Early on, Bhutan joined hands with India to introduce UPI-based transactions, initially limited to the BHIM app for Indian travelers and residents in the country. This move showcased the early adoption of UPI technology beyond India’s borders.

A significant leap forward occurred in 2022 when the National Payments Corporation of India (NPCI) inked a formal agreement with the Central Bank of Oman. This collaboration aimed to seamlessly integrate UPI into Oman’s payment systems, reflecting a broader commitment to extend the reach of this cutting-edge technology.

The United Arab Emirates (UAE) also embraced the BHIM UPI system within its payment infrastructure, specifically catering to the Indian community in the UAE. This integration was made possible through NEOPAY terminals, a subsidiary of Mashreq Bank. The move demonstrated the dedication of NPCI and its subsidiary, NIPL, to not only serve Indian travellers abroad but also pave the way for future services catering to foreign citizens in their respective home countries, facilitating real-time payments.

DPDP ACT AND APPLICABILITY OF DATA LOCALIZATION FOR FOREIGN CITIZENS:

The critical question arises regarding the storage of financial data for NRIs and foreign tourists. Simply put, the DPDP Act applies to both Indians and Indian businesses. Given that payment processing occurs within India through an Indian service provider, it’s plausible to assume that sensitive personal data of non-Indian travelers is stored in India. Nevertheless, the absence of specific rules for data localization of foreign citizens introduces ambiguity.

This scenario mirrors the global approach to data protection seen in the European Union’s GDPR. Both acts extend their jurisdiction beyond borders, emphasizing the primacy of where data is processed over the nationality of individuals involved. The parallel between the DPDP Act and GDPR underscores the need for a cohesive international framework to address data protection concerns, particularly in an era where cross-border transactions are increasingly common.
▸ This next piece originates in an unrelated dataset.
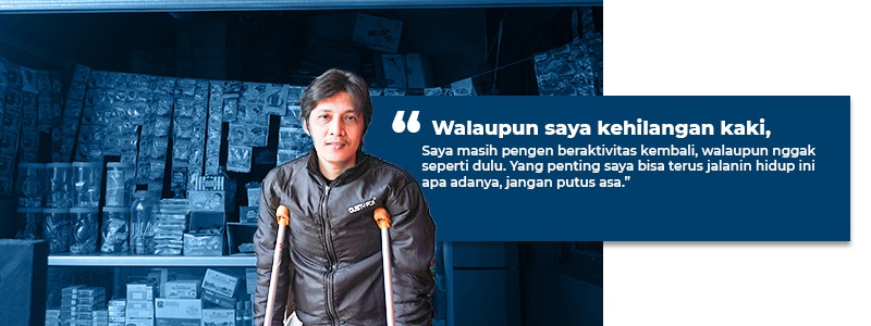 Kini memasuki usia 41 tahun, Pak Nanang Kurnia tetap berusaha tegar menjalani hari-harinya meski harus kehilangan satu kakinya akibat komplikasi diabetes yang dideritanya sejak muda. Bagi Pak Nanang, keputusan untuk amputasi bukanlah hal mudah, tapi justru ia sendiri yang memutuskan.

OWNERSHIP OF FINANCIAL DATA:

In the intricate web of UPI transactions, pinpointing the owner of financial data becomes crucial. Given its role as the architect of the UPI interface and technology, it’s reasonable to assume NPCI owns financial transaction data. While NPCI is the architect of the UPI interface, banks, payment service providers, and third-party applications act as data fiduciaries, responsible for regulating, determining usage, and potentially sharing critical financial information. The ownership, however, doesn’t rest with NPCI but extends to Payment Service Providers (PSPs) – the entities linking bank accounts for UPI transactions.

PSPs and Third-Party Applications (TPAPs) operate under private contractual agreements with NPCI, utilizing UPI services on their platforms. These entities, acting as data fiduciaries, are in the driver’s seat when it comes to storing and managing user data. While the DPDP Act doesn’t mandate data fiduciaries to process the data, it allows for contractual relationships with Data Processors for this purpose.

CONCLUSION:

As the UPI juggernaut extends its reach globally, the regulatory landscape faces unprecedented challenges. The confluence of the RBI’s circular and the DPDP Act raises questions about data localization, sharing, and ownership. The interplay between these regulations demands nuanced interpretation, especially in the context of cross-border UPI transactions involving foreign nationals.
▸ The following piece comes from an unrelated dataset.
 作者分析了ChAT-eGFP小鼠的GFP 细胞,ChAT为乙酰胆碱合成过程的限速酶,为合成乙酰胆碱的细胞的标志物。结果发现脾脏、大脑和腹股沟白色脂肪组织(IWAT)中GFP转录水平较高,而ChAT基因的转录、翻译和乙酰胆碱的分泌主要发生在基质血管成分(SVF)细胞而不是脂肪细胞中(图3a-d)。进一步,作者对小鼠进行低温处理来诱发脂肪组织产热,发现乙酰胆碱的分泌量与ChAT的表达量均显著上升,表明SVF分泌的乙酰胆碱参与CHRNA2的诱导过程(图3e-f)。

The grey areas in the law, particularly concerning the applicability of the DPDP Act to foreigners using Indian UPI applications, beckon the attention of policymakers. As more nations embrace UPI services, the steps taken by the government to address cross-border data sharing will shape the future of global fintech collaborations. In this evolving narrative, finding a delicate balance between facilitating international transactions and safeguarding user data remains a paramount challenge for regulators and industry stakeholders alike.

With real-time settlement in UPI, the question arises: Will the DPDP Act enforce data storage in India? Or will foreign privacy regulations apply? As nations adopt UPI, it’s intriguing to observe the government’s approach to cross-border data sharing.